With the rapid growth of web-based applications, such as search engines, Facebook, and Twitter, the development of effective and personalized information retrieval techniques and of user interfaces is essential. The amount of shared information and of social networks has also considerably grown, requiring metadata for new sources of information, like Wikipedia and ODP. These metadata have to provide classification information for a wide range of topics, as well as for social networking sites like Twitter, and Facebook, each of which provides additional preferences, tagging information and social contexts. Due to the explosion of social networks and other metadata sources, it is an opportune time to identify ways to exploit such metadata in IR tasks such as user modeling, query understanding, and personalization, to name a few. Although the use of traditional metadata such as html text, web page titles, and anchor text is fairly well-understood, the use of category information, user behavior data, and geographical information is just beginning to be studied.
OBJECTIVES OF THE BOOK
The main goal of this book is to transfer new research results from the fields of advanced computer sciences and information science to the design of new search engines. The readers will have a better idea of the new trends in applied research. The achievement of relevant, organized, sorted, and workable answers – to name but a few – from a search is becoming a daily need for enterprises and organizations, and, to a greater extent, for anyone. It does not consist of getting access to structural information as in standard databases; nor does it consist of searching information strictly by way of a combination of key words. It goes far beyond that. Whatever its modality, the information sought should be identified by the topics it contains, that is to say by its textual, audio, video or graphical contents. This is not a new issue. However, recent technological advances have completely changed the techniques being used. New Web technologies, the emergence of Intranet systems and the abundance of information on the Internet have created the need for efficient search and information access tools.

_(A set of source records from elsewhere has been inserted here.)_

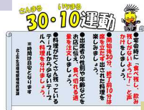
3010運動啓発ポスター例

答弁 ホテルや飲食店、北上工業クラブなどに呼び掛けたりして周知 を図り、各種宴会の冒頭で幹事からの呼びかけも見られるよう になったが、年末年始に向けて一層の周知を図りたい。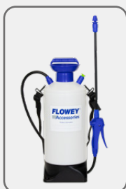
50054-10C Sprayer 10L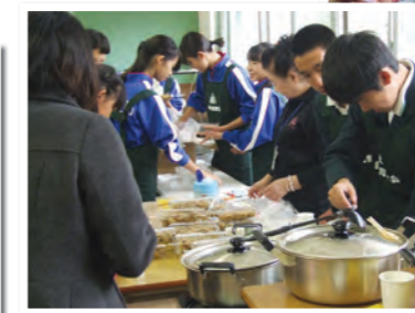
庭中フェスタで防災食の準備をする地域コーディネーターと中学生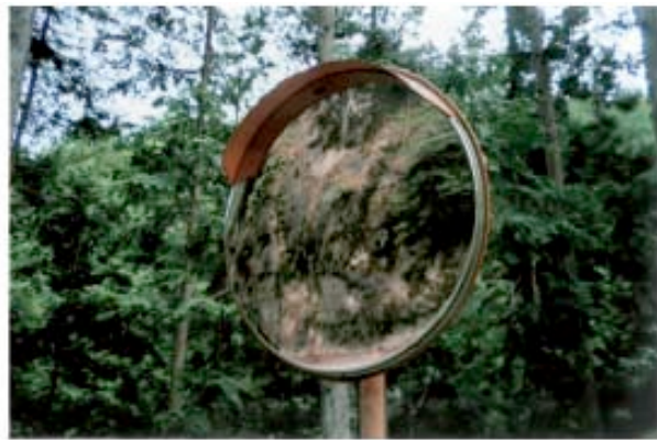
Scénario Fantôme 80 , 2010 2 épreuves chromogènes 6 x 9 cm chacune Édition de 1 + 1 E.A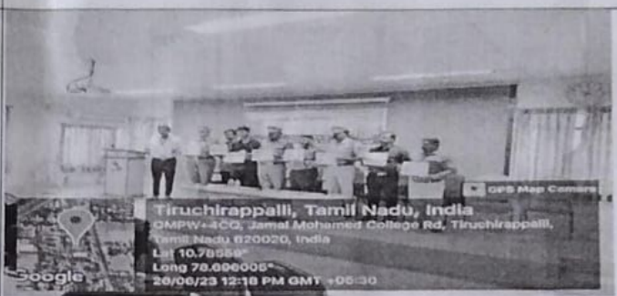
Chief guests, Part v Coordinator, staff advisors and students displays the SOS Police Helpline APP.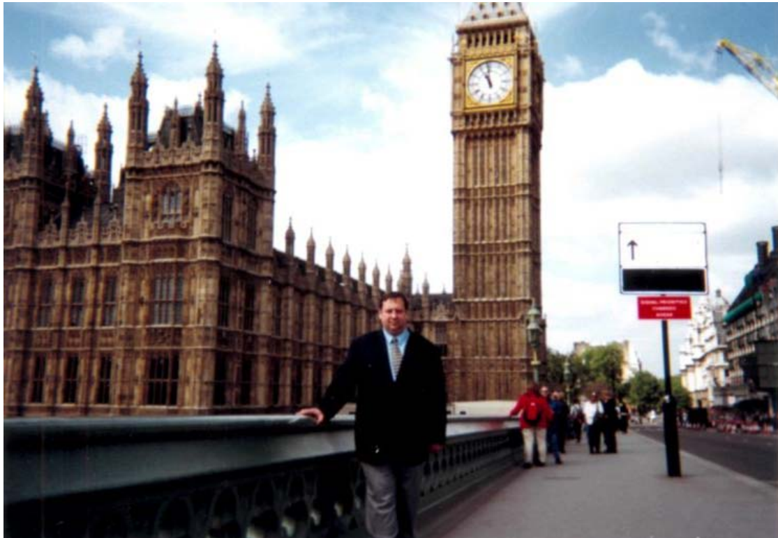
Офіційна поїздка. Велика Британія, місто Лондон. Біг-Бен (1999 рік)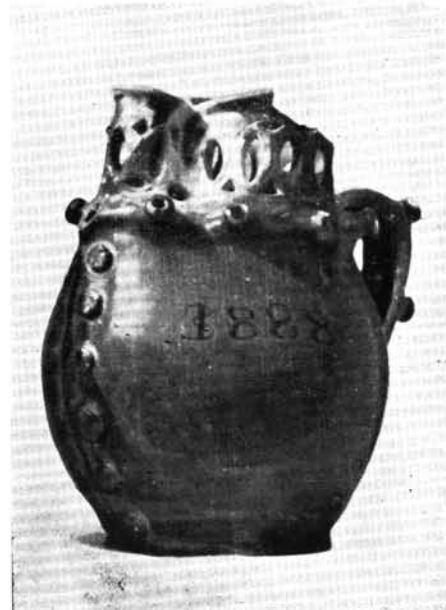
4. Csalikancsó, „rejtélyes kancsó”, 1888, id. Maksa István munkája.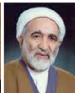
آیت‌الله مهدی قاضی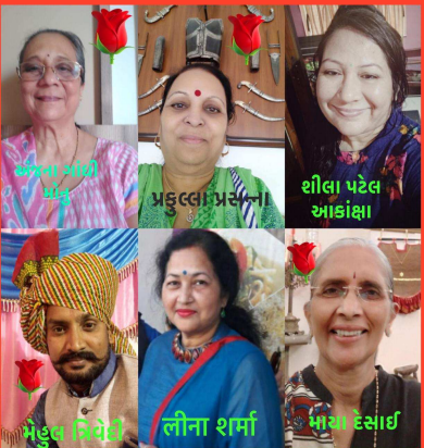
ન્યૂઝ ઓફ ગાંધીનગર દૈનિક આયોજિત સાહિત્ય સરિતા આઠ પદ્ય રચના પ્રસિદ્ધ કરવામાં આવી છે.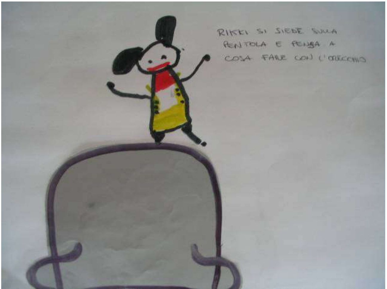
Scheda didattica a collage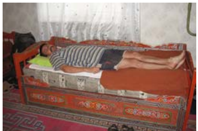
Leżę na mongolskim łóżku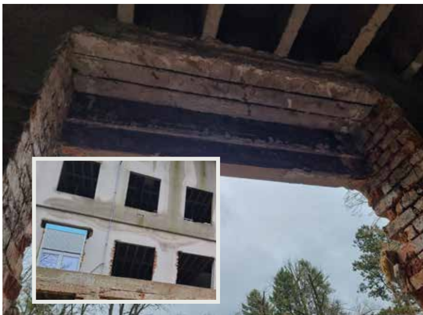
Radovi na otvorima za prilagodbu nove stolarije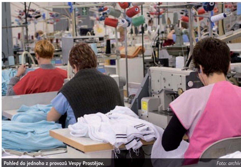
Pohled do jednoho z provozů Vespy Prostějov.

Vespa Prostějov ročně utržila zhruba 100 milionů korun a zaměstnávala 130 pracovníků. Většinu pánských obleků exportovala do zemí EU. Hlavním odběratelem její produkce byla Itálie. Do finančních problémů se exportně orientovaná Vespa Prostějov podle Vařeky dostala v posledních třech letech, a to kvůli masivnímu růstu mzdových nároků zaměstnanců a současnému posilování koruny vůči euru.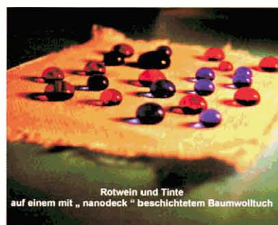
Rotwein und Tinte auf einem mit „nanodeck“ beschichtetem Baumwolltuch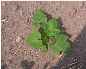
マルバアサガオ (帰化アサガオ類)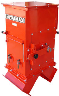
Carcaça padrão, com um Tambor Magnético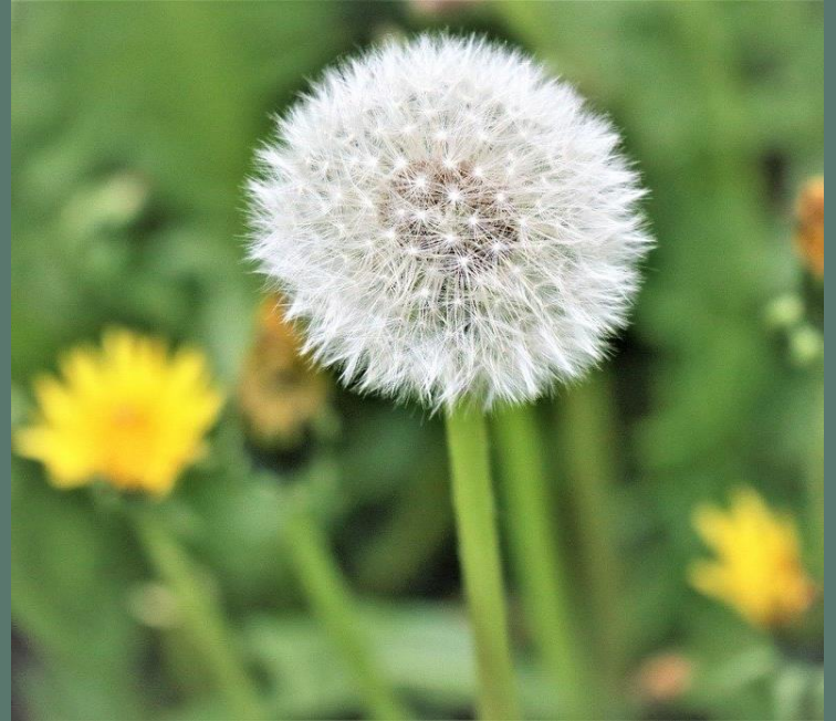
ÑILHUE ( Sonchus oleraceus )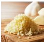
ガツンと旨いの源ニンニク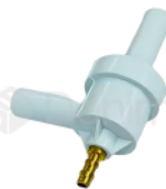
R-B 023 VÁLVULA SUCTORA / INYECTOR MONTADO KAVO

This book is intended for scientists and decision-makers who wish to gain working knowledge of searches in order to evaluate available solutions and to dialogue with software and data providers. It also targets intranet or Web server designers, developers and administrators who wish to understand how to integrate search technology into their applications according to their needs. This book is further designed for designers, developers and administrators of databases, groupware applications and document management systems (EDM), as well as directors of libraries or documentation centers who seek a deeper understanding of the tools they use, and how to set up new information systems. Lastly, this book is aimed at all professionals in technology or competitive intelligence and, more generally, the specialists of the information market.
A BRIEF OVERVIEW OF THE ORGANIZATION OF THE BOOK
The book is divided into four sections.
Section 1 is “Indexation”. The goal of automatic indexing is to establish an index for a set of documents that has to facilitate future access to documents and to their content. Usually, an index is composed of a list of descriptors, each of them being associated to a list of documents and/or of parts of documents to which it refers. In addition, theses references may be weighted. When searching to answer the users' queries, the system looks for a list of answers, of which an index is as close as possible to the demand. As a consequence, indexation could be seen as a required preliminary to intelligent information retrieval, since it pre-structures textual data according to topic, domain, keyword or center of interest.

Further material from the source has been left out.